虽然梁储蒋冕的点子都比较馊,但是毕竟还是说了话的,说了话,也就表示认可了李东阳的决定,众人一时不由得都看向了杨廷和,杨廷和也正皱眉苦思,半晌才苦笑道,“说不得,只有和钦天监的人打打招呼了。”
李东阳的眼睛不可抑止地亮了起来,他欣赏地望着杨廷和,却并没有说话。
蒋冕与梁储交换了一个眼色,也都觉得这主意不错,当然对他们来说,只要能把风险转嫁出去就已经达到目的了,转嫁给谁并不重要。钦天监来办这件事,却是要比李东阳来办更好些——当然了,怎么让钦天监出面,那还是李东阳的工作。
“现任五官保章正是我的人。”李东阳果然也不推辞,徐徐说道,“当然啦,若是能说服善静大师出面,那自然是更稳妥的……”
钦天监的五官保章正虽然只是正八品,但有占卜吉凶的职责,就让他在这事上有了发言权,而善静大师身为张太后本人笃信的神仙中人,却是更好的发言人选,这一点,四人心里是有数的。
“只是这善静大师……”杨廷和因为杨慎那乌龙婚事的关系,对朱厚照、乐琰当年调虎离山,把善静大师骗离了京城的事还是有所耳闻的,当下拉长了声音,也不知该不该把这事说出来,李东阳看了他一眼,替他续道,“善静大师呢,和皇后却有一段过往,恐怕未必会心甘情愿地出面说话。不过这事,并不是我等臣子所应该操心的。”
梁储与蒋冕脸上都现出了笑容:我们为皇后您找到了一条回避选秀的路子,不过么,路上的障碍,却只能让您一个人来打通了。
“好计!”乐琰挑眉赞叹。
芳华有些哭笑不得,“娘娘!这个烫手山芋,您是真的要吃下来?”
站在乐琰的角度上,找善静大师虽然不是什么难事,要取得她的原谅也很简单——相信这世界上敢于拒绝原谅她的人还是不多的,但是乐琰一旦接受了内阁的条件,那就相当于是默认自己的确是因为选秀的事,才卡着朱厚照的行踪不往外散播。当然,虽然之前谁都能猜到她是出于这个目的,但是这和她自己认下来还是有很大差别的。不说别的,张太后对乐琰的印象,肯定就会更差了,为了一己私欲不顾大局至此……

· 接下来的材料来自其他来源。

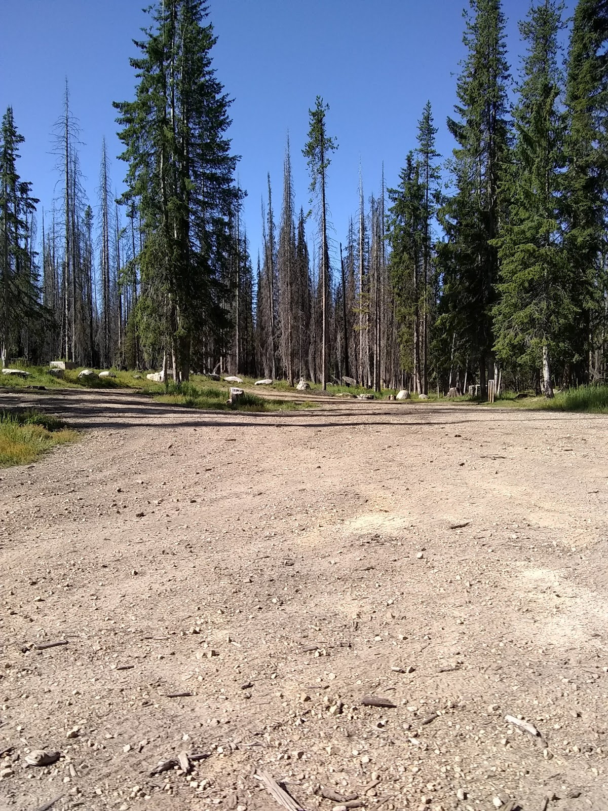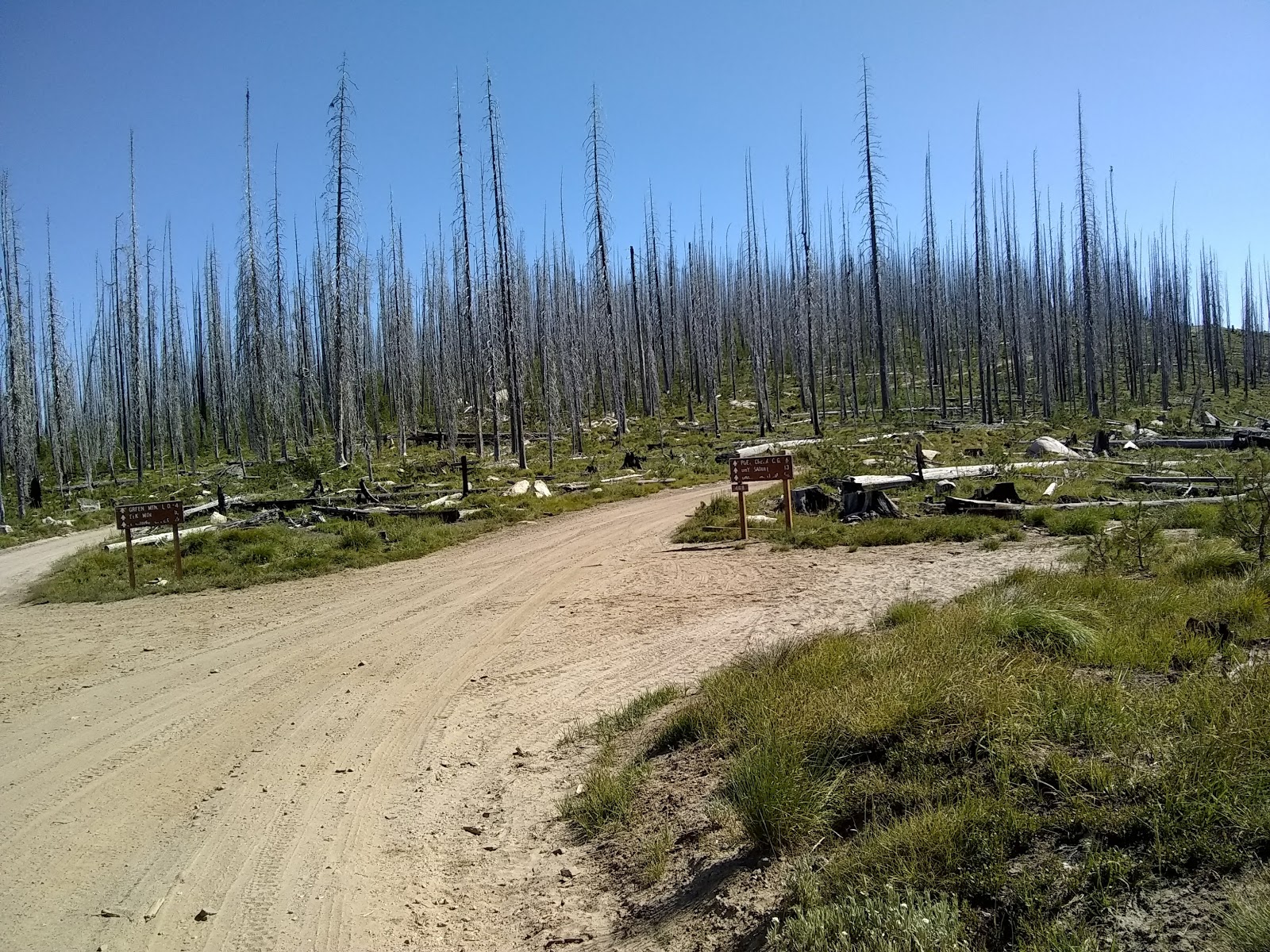 | The Elk Creek Road junction at the start of a large burned out area. |

“太后已经够讨厌我的了。”乐琰坐得稳稳的,瞥了眼芳华,语气平淡地说,“太后这个人,一生都很精明,可惜在约束家人方面,差了些。”舍不得约束家人,说明她对张家感情很深,也很护短。张太后的护短性格,贯穿了她的一生,当年在后位之争中支持乐琰,固然是因为乐琰本人适合后位,但也不无护短的意思——毕竟这年四娘可不是她自己看上的人选。乐琰与朱厚照在天津城里对张家人的羞辱,太后本人是一定算在了乐琰账上。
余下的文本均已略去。